::: SUPPLIED MATERIAL
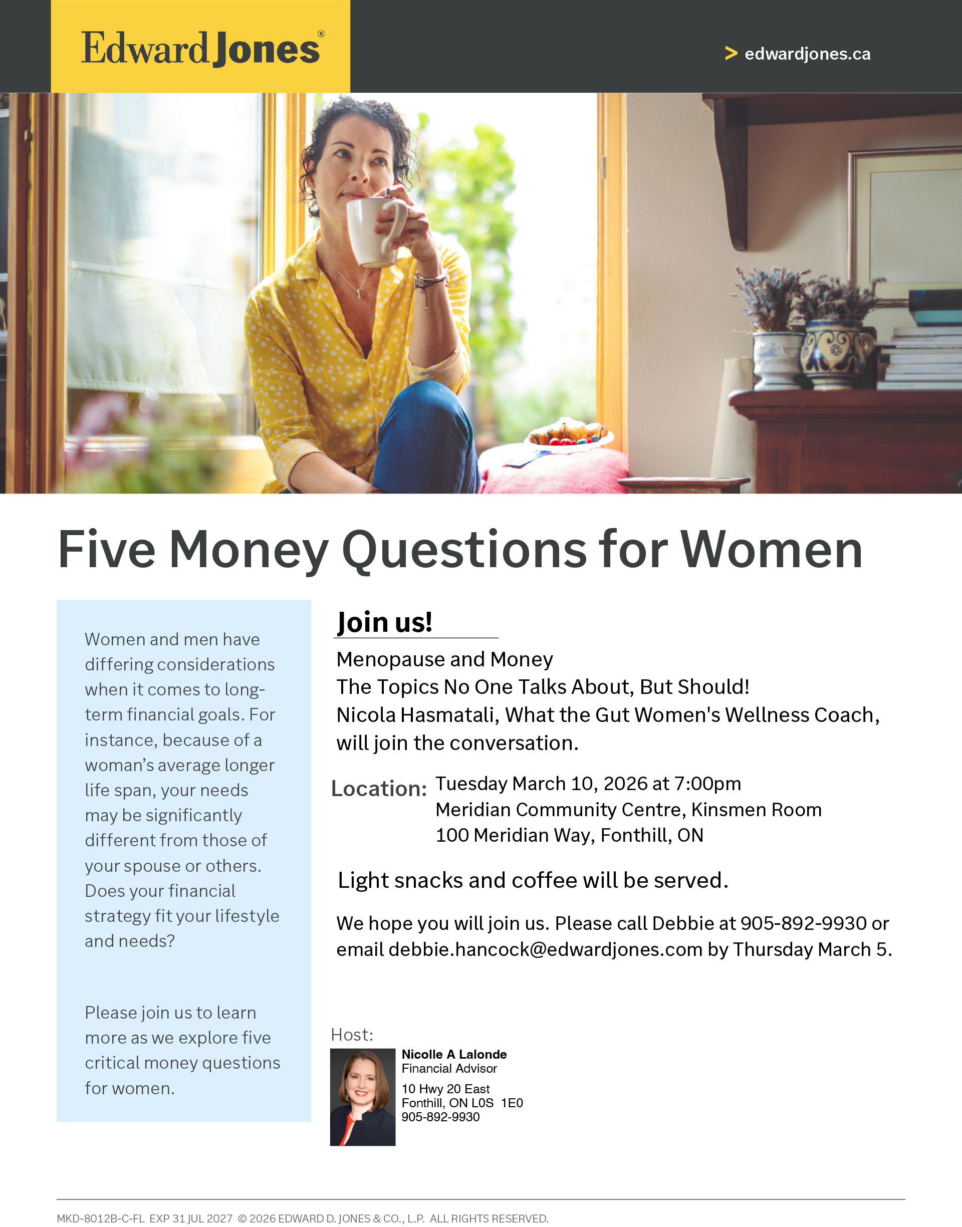Join us for Menopause and Money – The Topics No One Talks About But Should! Complimentary seminar hosted by Edward Jones Financial Advisor, Nicolle Lalonde. Nicola Hasmatali, What the Gut Women’s Wellness Coach, will join the conversation on Tues. March 10 at the Meridian Community Centre in Fonthill, ON at 7pm. To RSVP, please call Debbie at 905-892-9930 or via email [email protected] by Thurs. March 5.
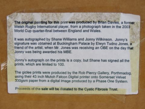 Signed print from 2003 Rugby World Cup quarter final between England and Wales, by Brian Davies, hand signed by Shane Williams with facsimile signature by Johnny Wilkinson with details verso, signed by the artist lower right, No 39/400, sight size 40.5 x 35cm, framed and glazed.
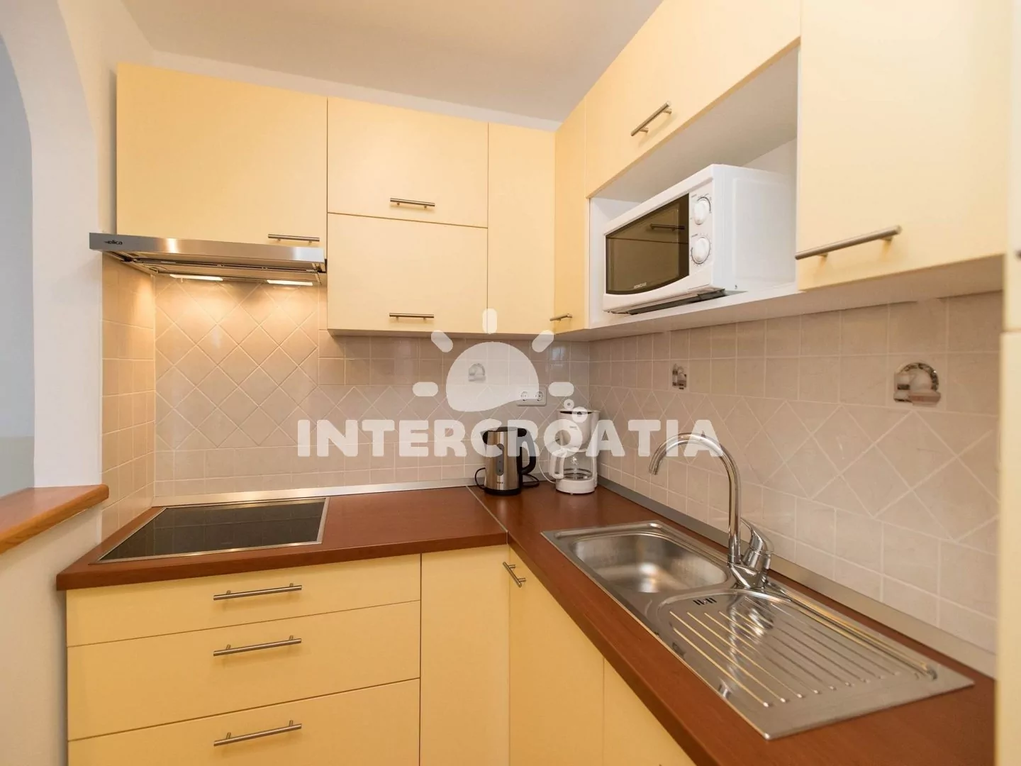 Apartmán (50 m2) s vlastní terasou se nachází v přízemí domu a je vhodný pro 2 až 4 osoby. Obývací pokoj je spojený s kuchyní. Kuchyňská linka je vybavena sklokeramickou varnou deskou, digestoří,…
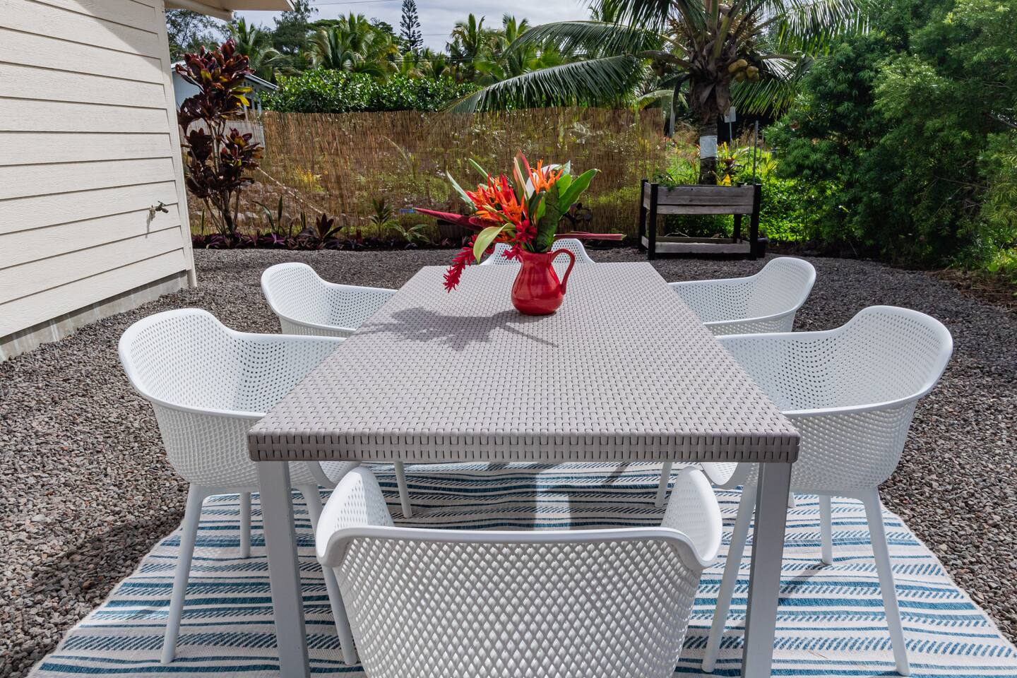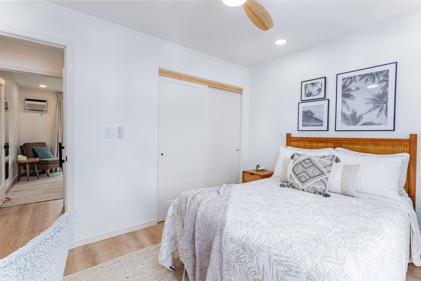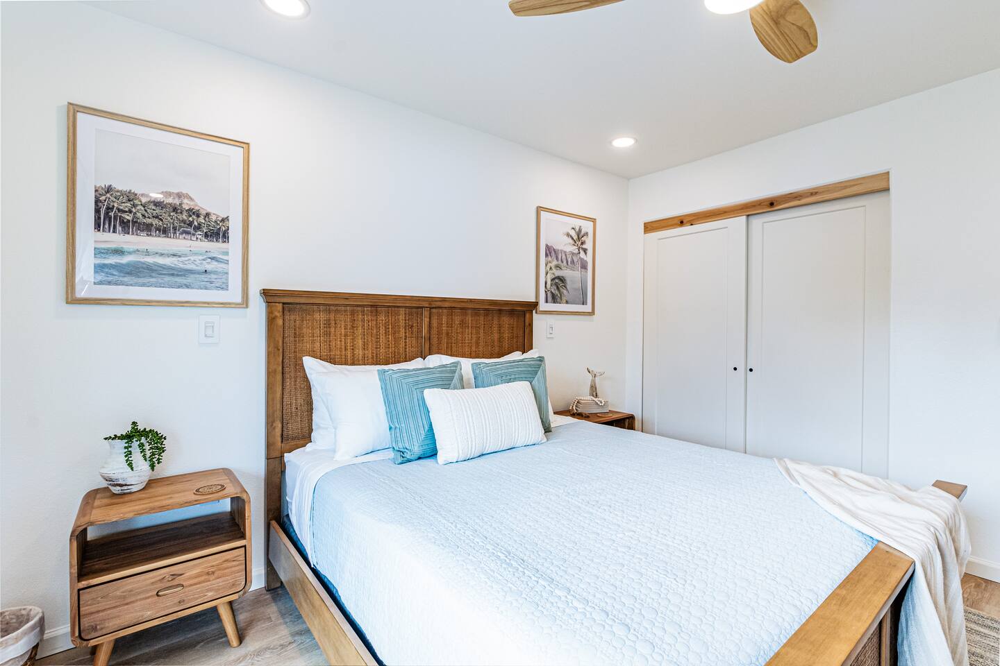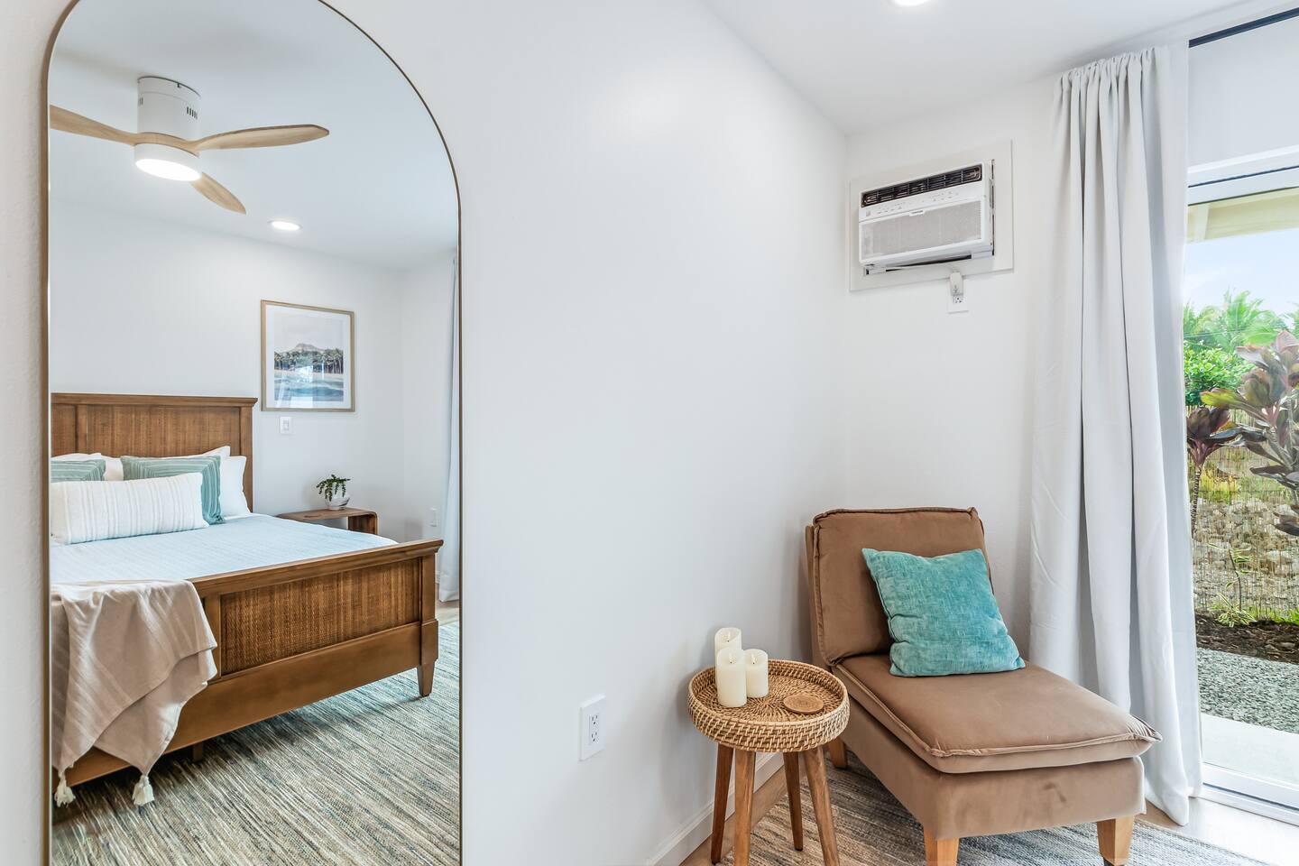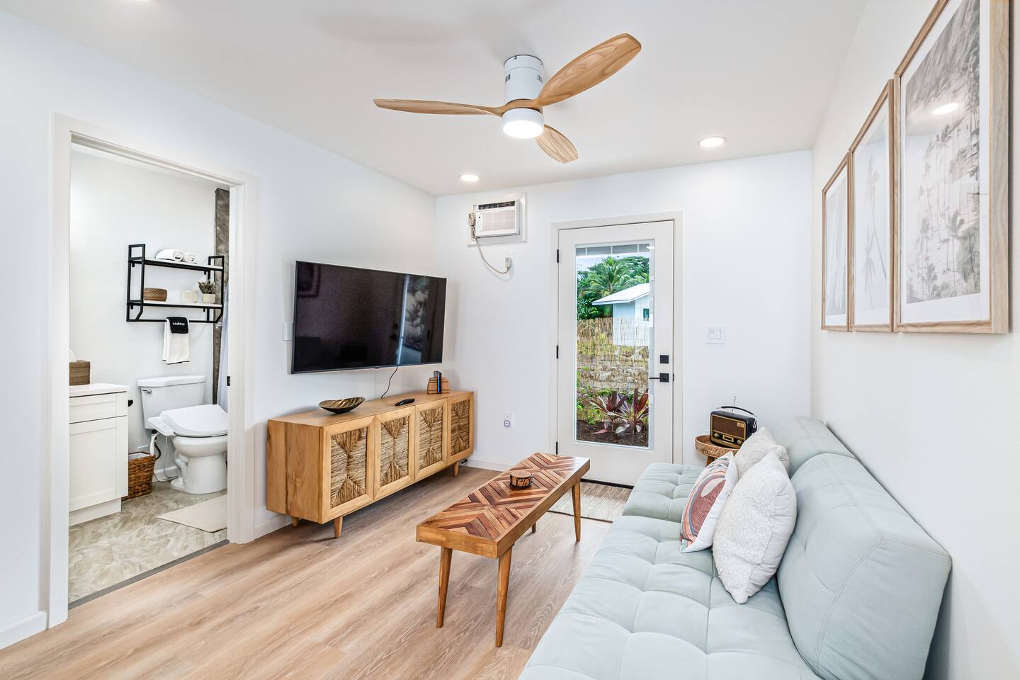 Sunrise Ohana is a cozy and luxurious 2 Bedroom 1 Bath with everything you could want located in a gorgeous and very walkable neighborhood. The chef's gourmet kitchen features an oven, stove, dishwasher, full refrigerator and freezer, a washer and dryer with detergent and stain remover and a gorgeous dine-in kitchen island for 4. The living room features a large Smart TV to stream your favorite shows and a door out to the garden and patio. The main bedroom has a Queen sized bed, fine cotton linens, dimmable reading lights, ceiling fan, AC unit with remote, side chair, full closet for storage of clothing and suitcases, full sized mirror, private entry sliding door to the tropical garden. The second bedroom has a Full sized bed, fine cotton linens, dimmable reading lights, ceiling fan, desk with chair, full closet for storage of clothing and suitcases, full sized mirror, private entry sliding door to the tropical garden. The house is fully fenced with a security gate and offers free parking for at least two vehicles.
::::::
WORK TO BE COMPLETED: The line containing "Signed print from" marks the start: set down exactly that line and every line after it through the last line of the data, without any pictures.

RESULT FOR THIS TASK:
 Signed print from 2003 Rugby World Cup quarter final between England and Wales, by Brian Davies, hand signed by Shane Williams with facsimile signature by Johnny Wilkinson with details verso, signed by the artist lower right, No 39/400, sight size 40.5 x 35cm, framed and glazed.
 Apartmán (50 m2) s vlastní terasou se nachází v přízemí domu a je vhodný pro 2 až 4 osoby. Obývací pokoj je spojený s kuchyní. Kuchyňská linka je vybavena sklokeramickou varnou deskou, digestoří,…
 Sunrise Ohana is a cozy and luxurious 2 Bedroom 1 Bath with everything you could want located in a gorgeous and very walkable neighborhood. The chef's gourmet kitchen features an oven, stove, dishwasher, full refrigerator and freezer, a washer and dryer with detergent and stain remover and a gorgeous dine-in kitchen island for 4. The living room features a large Smart TV to stream your favorite shows and a door out to the garden and patio. The main bedroom has a Queen sized bed, fine cotton linens, dimmable reading lights, ceiling fan, AC unit with remote, side chair, full closet for storage of clothing and suitcases, full sized mirror, private entry sliding door to the tropical garden. The second bedroom has a Full sized bed, fine cotton linens, dimmable reading lights, ceiling fan, desk with chair, full closet for storage of clothing and suitcases, full sized mirror, private entry sliding door to the tropical garden. The house is fully fenced with a security gate and offers free parking for at least two vehicles.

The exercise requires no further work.